La SARL SIA soutient que deux constats d’huissier ont été dressés pour confirmer l’existence du matériel stocké en atelier.
Selon la SARL SIA, il appartenait à M. [U] et la société PRODISA de solliciter la production de ces constats par voie de référé au lieu de procéder par voie de requête non contradictoire.
La société PRODISA et Mr [Y] soulignent que la SARL SIA ne produit pas les pièces justificatives qui attesteraient de l’existence et du stockage effectifs des équipement litigieux. Ils contestent la justification de l’ordonnance du 16 janvier 2025 qui a ordonné la mise sous séquestre de l’ensemble des éléments saisis par Me [C], huissier associé dans l’attente d’une décision définitive rendue sur le référé rétractation. La requête du 13 janvier 2025 ne ferait pas référence au secret des affaires ou à une quelconque confidentialité des données.
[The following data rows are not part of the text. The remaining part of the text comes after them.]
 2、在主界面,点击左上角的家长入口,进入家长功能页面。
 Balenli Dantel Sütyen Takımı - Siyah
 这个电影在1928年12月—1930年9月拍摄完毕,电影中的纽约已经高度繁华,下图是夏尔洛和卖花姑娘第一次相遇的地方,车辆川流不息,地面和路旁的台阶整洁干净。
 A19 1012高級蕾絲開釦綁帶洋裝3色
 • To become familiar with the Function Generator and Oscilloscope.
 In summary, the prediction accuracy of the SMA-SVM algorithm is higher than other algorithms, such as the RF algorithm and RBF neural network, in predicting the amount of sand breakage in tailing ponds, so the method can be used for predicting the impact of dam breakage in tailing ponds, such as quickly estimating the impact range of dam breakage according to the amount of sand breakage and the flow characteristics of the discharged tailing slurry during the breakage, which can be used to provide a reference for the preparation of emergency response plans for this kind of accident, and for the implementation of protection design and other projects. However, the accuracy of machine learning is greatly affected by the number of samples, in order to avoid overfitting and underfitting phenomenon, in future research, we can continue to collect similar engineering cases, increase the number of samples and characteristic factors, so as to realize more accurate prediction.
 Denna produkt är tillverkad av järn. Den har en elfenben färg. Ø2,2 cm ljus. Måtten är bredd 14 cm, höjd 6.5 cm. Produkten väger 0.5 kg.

La société PRODISA et Mr [Y] soutiennent que l’ordonnance pouvait se référer aux motifs énoncés dans la requête et qu’il convient par conséquence de rejeter l’absence de motivation de l’ordonnance du 28 novembre 2024.
La société PRODISA et Mr [Y] justifient bien d’un motif légitime dans la mesure où ils ont versé une somme de 2.500.000 €uros à la SARL SIA sans que l’intégralité des livraisons d’équipements et de matériels aient été réalisée et où la SARL SIA refuse de communiquer les éléments justifiant de la preuve du stockage et de l’entreposage des équipements en question.
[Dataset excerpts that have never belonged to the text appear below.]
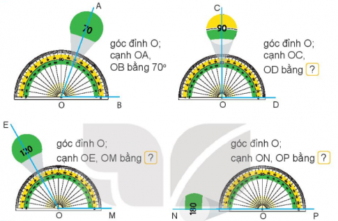 Quan sát thước đo góc rồi nêu số đo của mỗi góc (theo mẫu).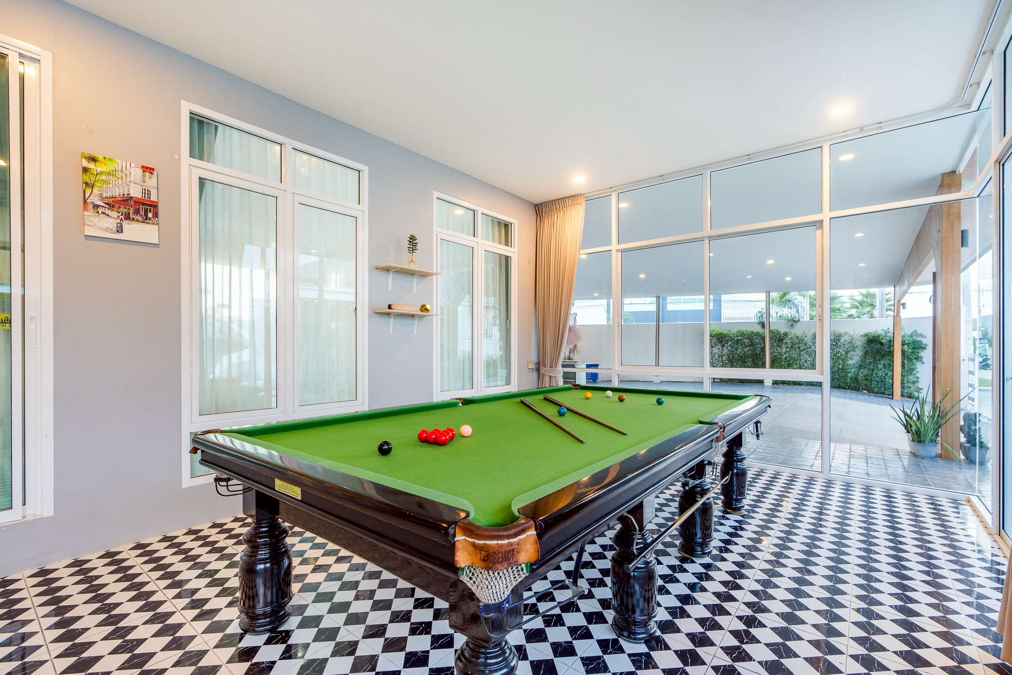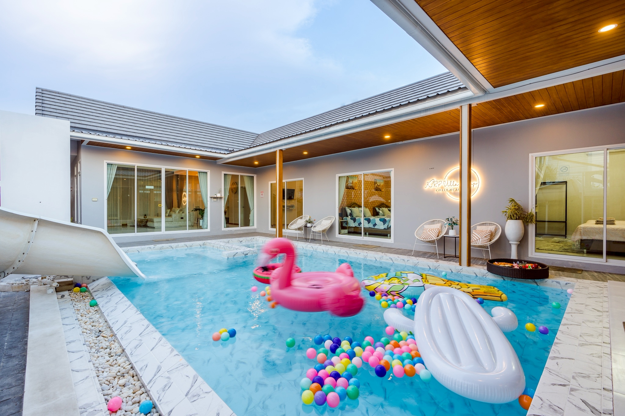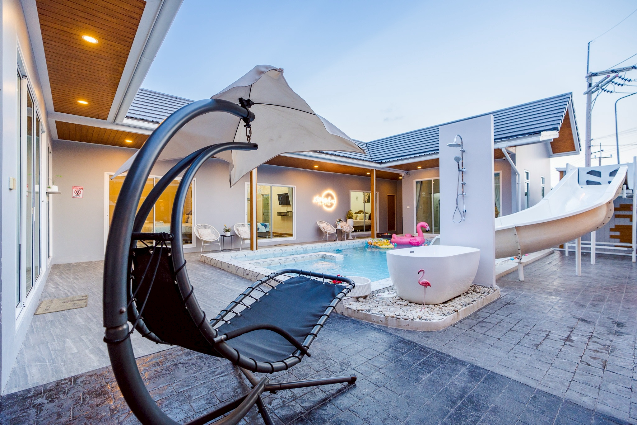 ไฮไลต์ของที่นี่คือสระว่ายน้ำส่วนตัว เล่นน้ำได้ทั้งวันแบบไม่ต้องแชร์กับใคร พร้อมโต๊ะสนุ๊กมาตรฐาน และคาราโอเกะเสียงจัดเต็ม เพิ่มความมันส์ให้ปาร์ตี้ยาวๆ ได้แบบไม่มีสะดุด แถมยังมีโซฟาเบดปรับนอนได้ และพรอพถ่ายรูปเก๋ๆ เอาใจสายคอนเทนต์อีกด้วยค่ะ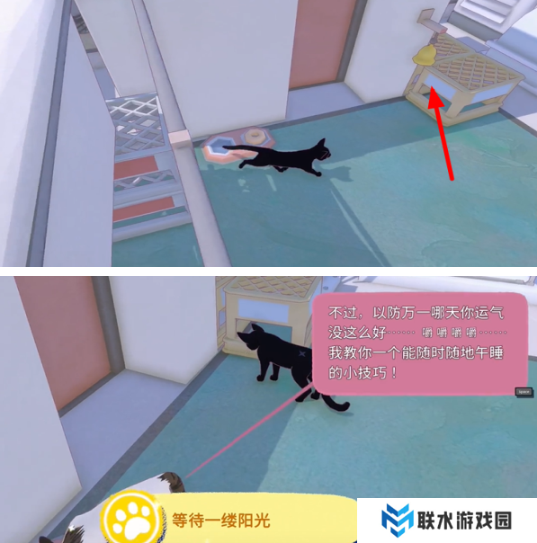 1、午睡动作是在下图位置,先来到下图这个点位,在这里和正在睡觉的小白猫睡觉;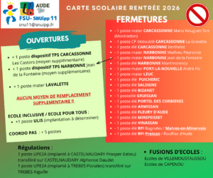 Si l’on peut admettre certains points de satisfaction comme l’ouverture de deux dispositifs TPS, la création d’une classe ULIS, ou l’ouverture d’une classe sur Lavalette, nous déplorons la non prise en compte de la situation des écoles pour qui une fermeture a été maintenue, en particulier celle de Salsigne. Nous regrettons également le maintien du projet de fusion sur les écoles de Villemoustaussou.

Les factures émanant de la SARL SIA justifiant l’existence des matériels n’ont jamais été communiquées.
L’intérêt légitime serait en outre justifié par la menace de la SARL SIA de résiliation du contrat en cas de non versement d’un acompte complémentaire.
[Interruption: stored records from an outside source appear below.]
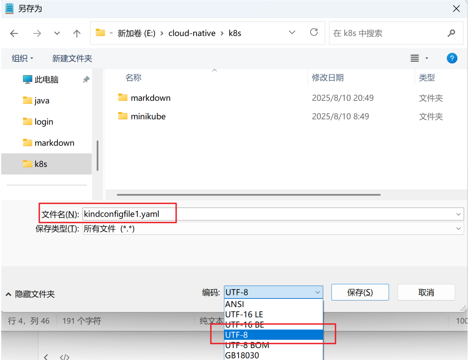 使用记事本编写,默认保存为 UTF-8 with BOM,可能导致 Kind 无法识别,只需要在保存文件的时候选择“另存为” → 编码选择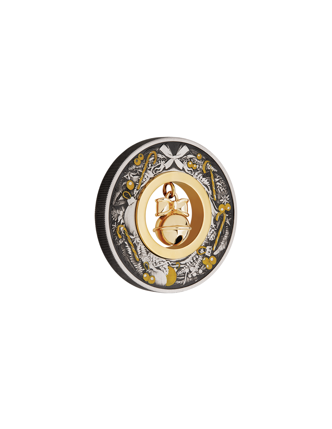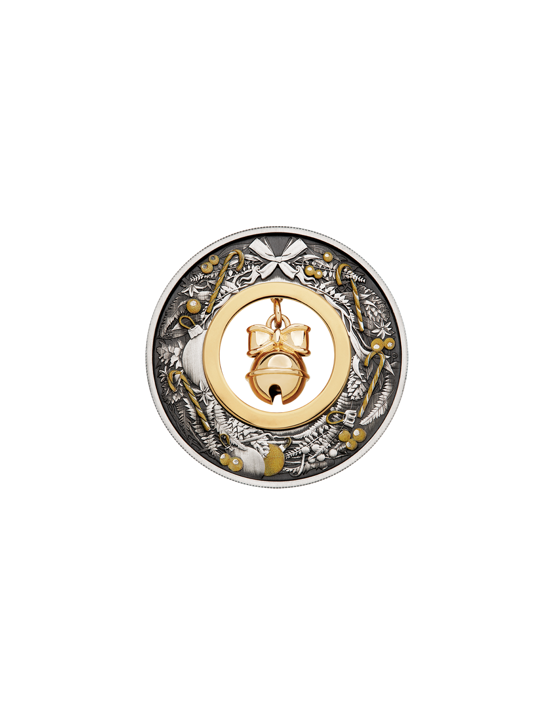 El Anverso de la moneda muestra una corona navideña compuesta por una cinta, muérdago, piñas y un anís estrellado. Los elementos adicionales incluyen bolas decorativas doradas, bastones de caramelo y bayas navideñas. En el centro de la moneda hay un cascabel chapado en oro de 24 quilates. El Reverso de la moneda , diseño de Jody Clark, muestra la efigie de Su Majestad la Reina Isabel II de Inglaterra, el peso, la pureza, valor facial y el año de acuñación. Moneda de 2 Onzas en Plata 999% con un acabado antiguo y una tirada de 2.500 monedas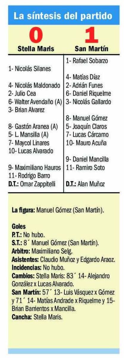 Un gran triunfo conquistó San Martín frente a Stella Maris por la mínima diferencia, con gol de Manuel Gómez, el cual lo justificó por lo realizado en el complemento.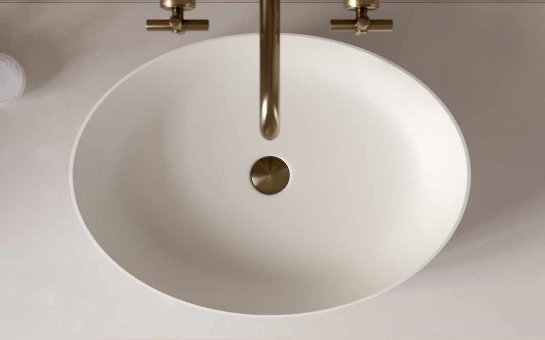 The Aurora Round basin is a low profile, circular vessel with a streamlined form. Its sister basin, the Oval is equally unembellished and simple in shape with a wider diameter.
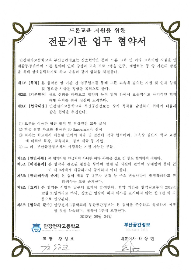 안강전자고. 부산 공간정보 `드론교육 지원` 업무협약 체결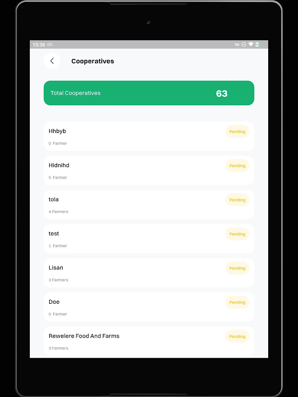 Wordt gebruikt om coöperaties op te richten en boeren te registreren die zijn gekoppeld aan een gecertificeerd magazijn verspreid over het land.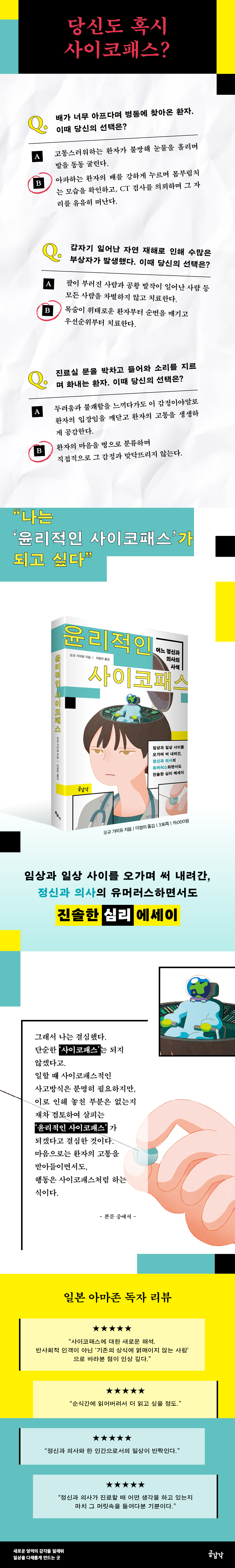 Ã¥ÀÇ Á¦¸ñÀÎ ¡®À±¸®ÀûÀÎ »çÀÌÄÚÆÐ½º¡¯´Â ÀúÀÚ°¡ ÀÇ»ç·Î¼ Ãß±¸ÇϰíÀÚ ÇÏ´Â ÀÚ¼¼¸¦ °¡¸®Å²´Ù. Á¤½Å°ú¸¦ ã´Â ¸ðµç ȯÀÚÀÇ Á¤¼Àû °íÅëÀ» ÀÌÇØÇÏ·Á Çϸé ÀÇ»çÀÇ ½É½ÅÀÌ ¸ÕÀú ÁöÄ¥ °¡´É¼ºÀÌ ÀÖ´Ù. ¸ðµç »ç¶÷À» Á¦´ë·Î »ìÇDZâ À§Çؼ´Â ¡®´©±º°¡ÀÇ Á¤¼Àû »óó¸¦ ºÎÂ÷ÀûÀ¸·Î µÎ´Â °Í¡¯, À̸¥¹Ù ¡®»çÀÌÄÚÆÐ½ºÀû¡¯ ÇൿÀÌ ÇÊ¿äÇÏ´Ù. ÀúÀÚ´Â Áø·á ÇöÀå¿¡¼ ºÒ°¡ÇÇÇÏ°Ô ¿ä±¸µÇ´Â »çÀÌÄÚÆÐ½ºÀûÀÎ ³ÃÁ¤ÇÔÀ» ÀÎÁ¤Çϸ鼵µ, ±× ¾È¿¡¼ ȯÀÚÀÇ ¸¶À½°ú ÀڽŸ¸ÀÇ À±¸®¸¦ µÇµ¹¾Æº»´Ù. À̼ºÀûÀÎ ÆÇ´Ü µÚ¿¡ ³õÄ£ ºÎºÐÀº ¾ø´ÂÁö ȯÀÚµéÀ» ÀçÂ÷ °ËÅäÇÏ°í »ìÇÇ´Â ¡®À±¸®ÀûÀÎ »çÀÌÄÚÆÐ½º¡¯°¡ µÇ°Ú´Ù°í °á½ÉÇÑ´Ù.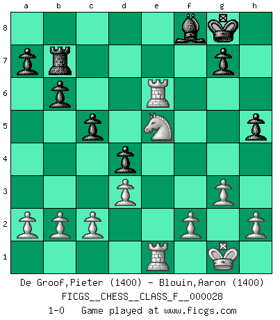 Last move : 1-0 2007 March 2 19:15:14 [Event "FICGS__CHESS__CLASS_F__000028"] [Site "FICGS"] [Date "2007.02.23"] [Round "1"] [White "De Groof,Pieter"] [Black "Blouin,Aaron"] [Result "1-0"] [WhiteElo "1400"] [BlackElo "1400"] 1.e4 e6 2.d3 Nf6 3.g3 d5 4.Nd2 Bd6 5.Ngf3 Nbd7 6.Bg2 b6 7.Qe2 Bb7 8.e5 Nxe5 9.Nxe5 O-O 10.O-O c5 11.Ndf3 d4 12.Bg5 h6 13.Bxf6 Qxf6 14.Nd7 Qd8 15.Nxf8 Bxf8 16.Ne5 Rb8 17.Nxf7 Qe7 18.Bxb7 Rxb7 19.Ne5 Qf6 20.Rae1 Bd6 21.Ng4 Qf5 22.Qxe6+ Qxe6 23.Rxe6 Bf8 24.Rfe1 h5 25.Ne5 1-0 French : King's Indian attack Kingside Castling by player Black (move 9) Kingside Castling by player White (move 10) Player White won this chess game. Follow this game move after move (download)Best by test: 1. e4 (Bobby Fischer) Fischer machte Schach einfach zu einer aufregenden Sache, wann immer er sich ans Brett setzte. (Raymond Keene) Uno no tiene que jugar muy bien, es suficiente jugar mejor que el oponente. (Siegbert Tarrasch) Les Echecs sont affaire de jugement sensible. Savoir quand frapper et quand esquiver. (Fischer) Drag your thoughts away from your troubles... by the ears, by the heels, or any other way you can manage it. (Mark Twain)

La société PRODUCTION ET DISTRIBUTION ALIMENTAIRE, PRODISA et M. [H] [U] concluent donc au rejet de la rétraction de l’ordonnance du 28 novembre 2024.
Sur ce,
L’ordonnance du 28 novembre 2024 a visé la requête présentée par la société PRODUCTION ET DISTRIBUTION ALIMENTAIRE, PRODISA et M. [H] [U], laquelle comportait les motifs pouvant justifier la mesure sollicitée.
L’absence de motivation invoquée par la société SIA sera donc rejetée.
Nous constatons que les constats d’huissiers invoqués par la société SIA ne sont pas produits et qu’il n’est pas par conséquent pas justifié que la société SIA soit en possession de l’intégralité des matériels et équipements correspondants au solde de la commande de l’unité de fabrication de lait stérilisé.
De même les factures émanant de la société SIA justifiant l’existence des matériels n’ont jamais été communiqués.
En contrepartie, la société PRODISA a réglé une somme de 2 500 000 euros, en ce compris la somme de 600 000 euros correspondant à la ligne de crème glacée qui a été livrée et sur pour laquelle le litige ne porte que sur une somme de 64 500 euros, correspondant au montage de l’unité de production.
Compte tenu du contexte, des échanges entre les parties et de la menace de la société SIA de procéder à la résiliation du contrat, et donc, de conserver les acomptes perçus, la société PRODISA avait intérêt à solliciter de façon non contradictoire la réalisation d’un constat pour avoir la certitude de l’existence de la marchandise avant de procéder au règlement du solde du marché.
En conséquence, nous devons donc rejeter la demande de rétraction de l’ordonnance du 28 novembre 2024 présentée par la société SIA.
Les dépens seront mis à la charge de la SARL SIA et nous rejetterons toute autre demande.
PAR CES MOTIFS
Statuant publiquement, contradictoirement et en premier ressort.
Rejetons la requête en rétraction de l’ordonnance du 28 novembre 2024.
Confirmons l’ordonnance du 28 novembre 2024.
Rejetons toute autre demande.
Condamnons la société SIA aux dépens, dont frais de greffe de la présente décision liquidés à la somme de 54,82€.
Etaient présents à l’audience publique des référés du Tribunal de Commerce d’EVREUX du 13 février 2025, M. Eric GEKLE, Président d’audience et Me Sybille BOURCIER de JUNNEMANN, Greffier.
Fait et donné en Notre Cabinet, le 06 mars 2025 par Nous, M. Eric GEKLE, Président d’audience assisté de Me Sybille BOURCIER de JUNNEMANN Greffier.